For ICGN members, engagement is not adversarial. It is a process rooted in collaboration, transparency, and mutual understanding.

3. Mandatory arbitration

We are also concerned about the policy shift regarding mandatory arbitration.

When embedded in corporate charters or bylaws, such provisions can significantly constrain investors’ ability to seek redress. They often preclude collective actions and move disputes into private forums that do not create legal precedent. This erodes transparency, legal certainty, and market discipline.

The ability of investors—especially minority investors—to seek remedies through public courts is a cornerstone of shareholder rights. We encourage the Commission to maintain a role in scrutinising arbitration provisions during registration.

4. Role of proxy advice

We remain concerned about persistent misconceptions regarding the role of proxy advisors. Their research and recommendations are tools used by investors. Proxy advisors don’t make the voting decision, investors do. I would be pleased to elaborate during the discussion.

5. Retail voting program

Finally, we support the Commission’s goal of empowering retail shareholders However, we are concerned by the Division’s approval of a retail voting programme that allows standing voting instructions to be set to vote in favour of all proposals in line with the Board’s recommendations (“auto voting”). This sets a worrying precedent.

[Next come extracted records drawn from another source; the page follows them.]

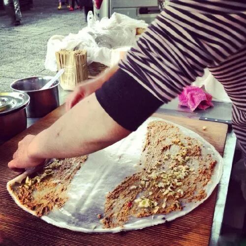 板桥凉卷粉的配料并无特别,却风味十足。甜咸酱油、油辣椒、花生酱、大蒜水、酸泡菜、花椒油,最后再加上一点碧绿的韭菜。一碗相思,尽难忘。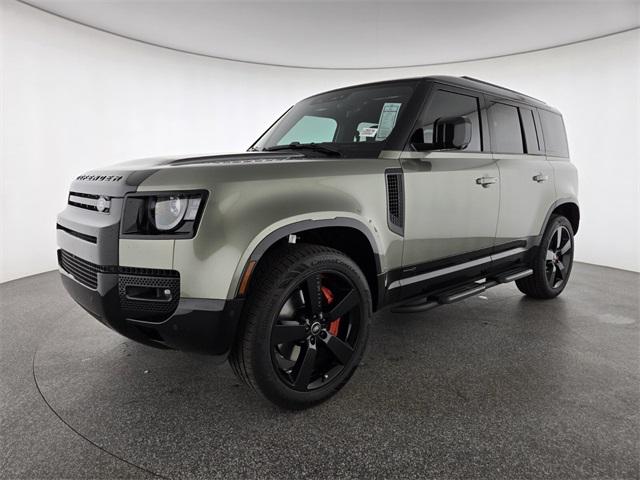 Pangea Green Metallic 2025 Land Rover Defender 110 X AWD 8-Speed Automatic 3.0L I6 14-Way Heated & Cooled Electric Memory Front Seats, 15 Speakers, 3-Zone Climate Control, 4-Wheel Disc Brakes, ABS brakes, Adaptive suspension, Advanced Tow Assist, Air Conditioning, Air Quality Sensor, Alloy wheels, AM/FM radio: SiriusXM, Apple CarPlay & Android Auto, Auto High-beam Headlights, Auto tilt-away steering wheel, Auto-dimming door mirrors, Auto-dimming Rear-View mirror, Automatic temperature control, Black Contrast Signature Graphic w/Interior Storage, Black Exposed Rear Recovery Eyes, Black Fixed Side Steps, Black Wheel Protection Pack, Brake assist, Bumpers: body-color, Cabin Air Purification Plus, Compass, Delay-off headlights, Driver door bin, Driver vanity mirror, Dual front impact airbags, Dual front side impact airbags, Electronic Stability Control, Emergency Pack, Exterior Parking Camera Rear, Four wheel independent suspension, Front anti-roll bar, Front Bucket Seats, Front Center Armrest, Front Center Console Refrigerator Compartment, Front dual zone A/C, Front fog lights, Front reading lights, Fully automatic headlights, Garage door transmitter: HomeLink, Handover Pack, Heads-Up Display, Heated door mirrors, Heated front seats, Heated rear seats, Heated steering wheel, Illuminated entry, Leather Shift Knob, Leather steering wheel, Low tire pressure warning, Memory seat, Navigation system: Connected Navigation PIVI Pro, Occupant sensing airbag, Outside temperature display, Overhead airbag, Overhead console, Panic alarm, Passenger door bin, Passenger vanity mirror, Power door mirrors, Power driver seat, Power moonroof, Power passenger seat, Power steering, Power windows, Radio data system, Radio: Meridian Surround Sound System, Rain sensing wipers, Rear anti-roll bar, Rear fog lights, Rear reading lights, Rear seat center armrest, Rear Seat Convenience Pack, Rear window defroster, Rear window wiper, Remote keyless entry, Security system, Speed control, Speed-sensing steering, Speed-Sensitive Wipers, Split folding rear seat, Steering wheel memory, Steering wheel mounted audio controls, Tachometer, Telescoping steering wheel, Tilt steering wheel, Tow Hitch Receiver, Towing Pack, Traction control, Trip computer, Variably intermittent wipers, Ventilated front seats, Weather band radio, Wheels: 22"" Gloss Black Style 5098, Wheels: 22"" Gloss Sparkle Silver Style 5098, Wi-Fi Enabled w/Data Plan, Windsor Leather & Kvadrat Seat Trim.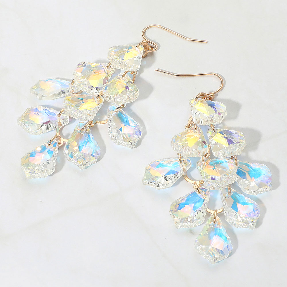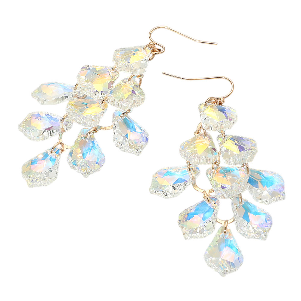 Faceted Teardrop Stone Chandelier Dangle Evening Earrings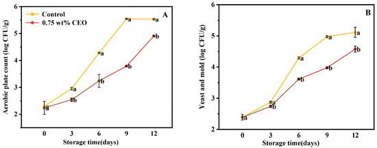 During a 12-day storage period at 25 °C, inhibition of CEO Pickering emulsion fresh-keeping paper on bacteria (A), mold and yeast (B). Different superscript letters (a, b) represent statistically significant differences (p < 0.05).
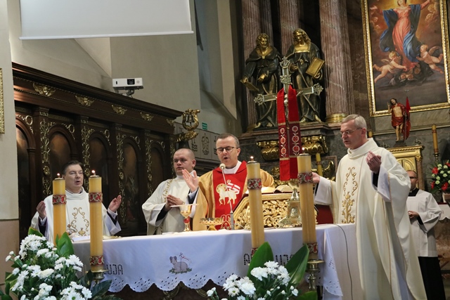 Wraz z biskupem kaliskim Damianem Brylem Mszę św. koncelebrowali: ks. kan. dr Michał Kieling, delegat biskupa kaliskiego ds. życia konsekrowanego w diecezji kaliskiej i ks. dr Krzysztof Niciejewski, diecezjalny egzorcysta.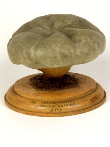 Pilz-Nachbildungen, Naturabgüsse, zusammengestellt zu ein bis vier Entwicklungsstadien, auf runden Holzsockel montiert.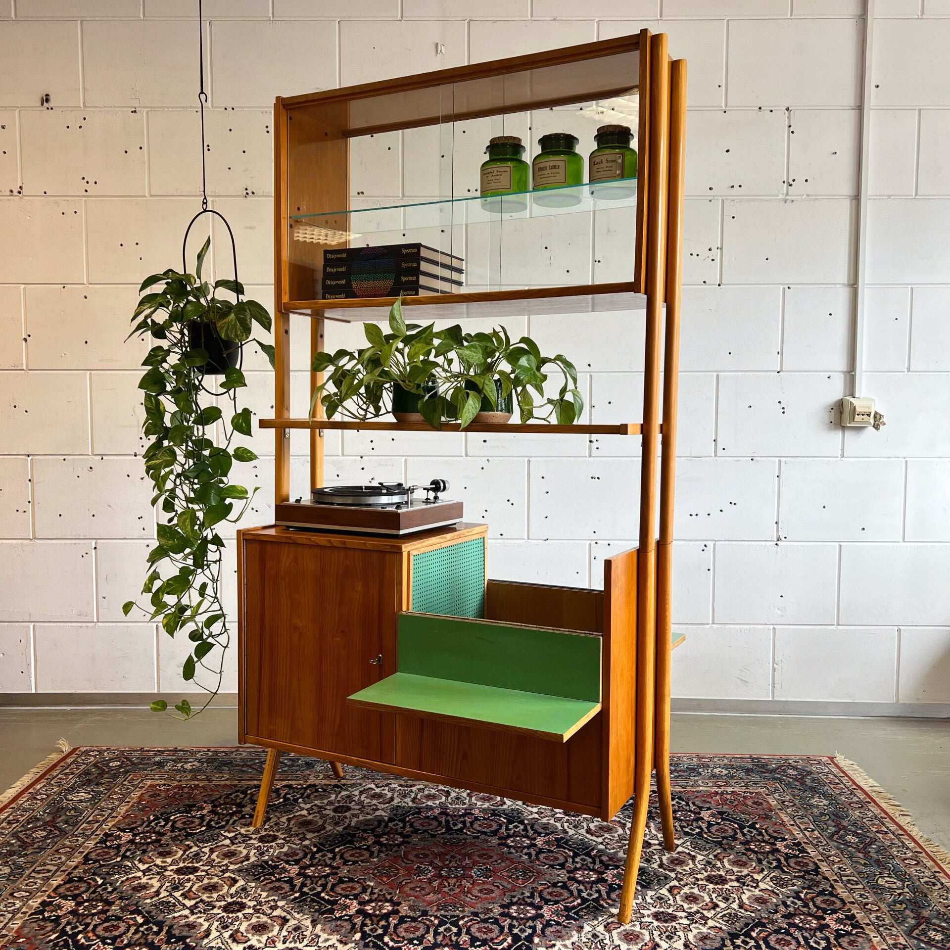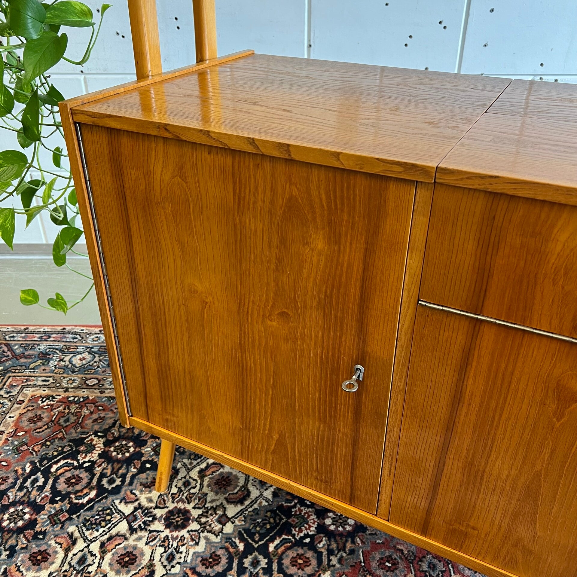 Karakteristieke vintage roomdivider of wandmeubel uit Oost-Europa. Vrijstaand.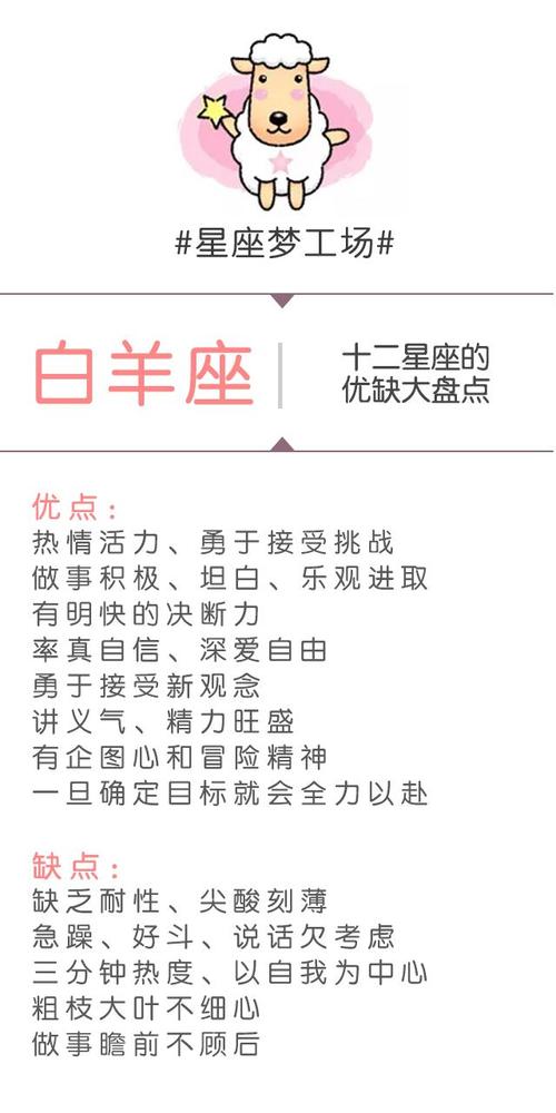 白羊座3月21日-------4月19日充满希望、和蔼可亲、行动力、活力充沛、诚心诚意、天生长才、勇敢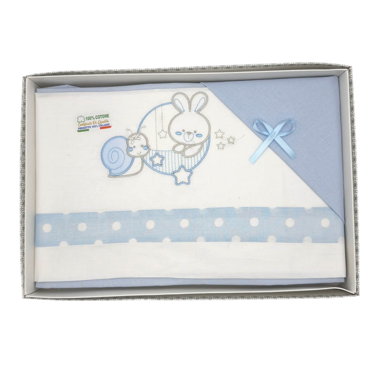 Colorato completo in puro cotone, misura adatta alla culla o alla carrozzina, ricamato con deliziosi soggetti.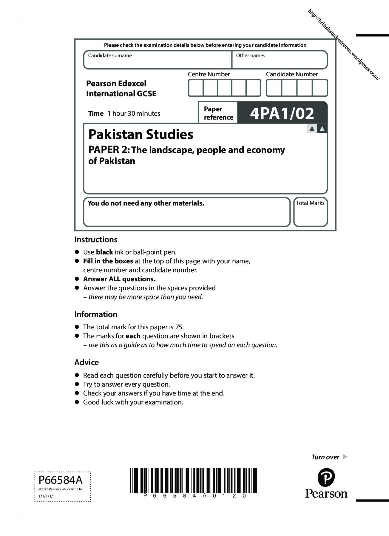 Pakistan Studies > GCSE QUESTION PAPER > Pearson Edexcel International GCSE. Pakistan Studies PAPER 2: The landscape, people and economy of Pakistan. PREDICTOR PAPER. (All)
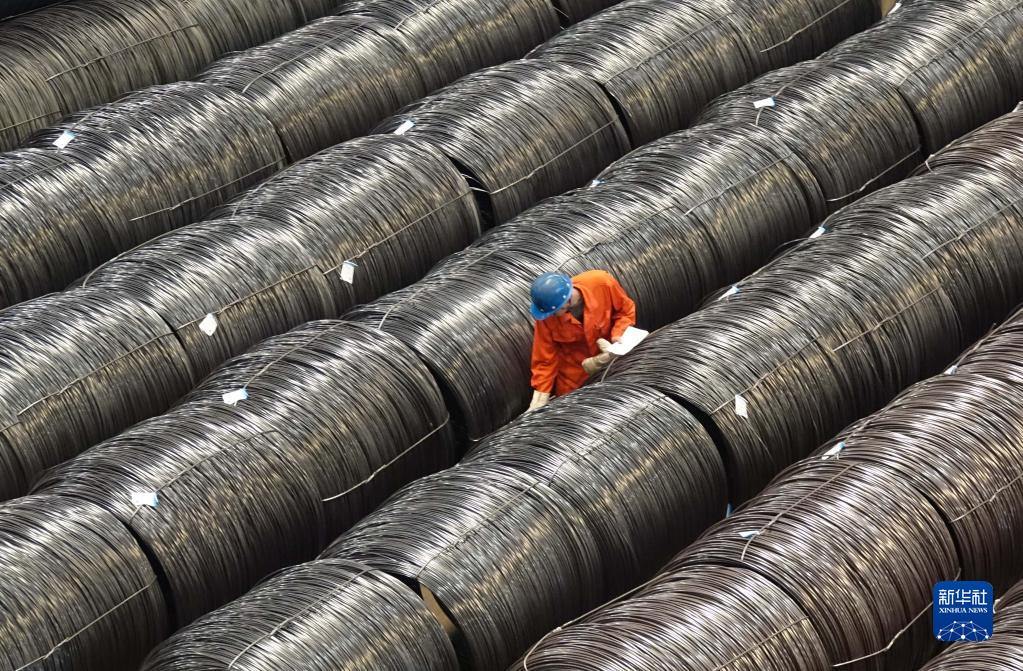 2017年5月15日,東北特鋼集團工作人員在核對入庫的合金鋼大盤重線材產(chǎn)品標識。新華社發(fā)(劉德斌 攝)

6. Need for public consultations

We strongly encourage the Commission to consider returning to public consultation processes on matters that substantively alter policy. The absence of public consultations on important announcements which may negatively affect shareholder rights, risks lowering the quality of the highly regarded due process and governance standards in the United States, thereby presenting a risk to the attractiveness of U.S. capital markets.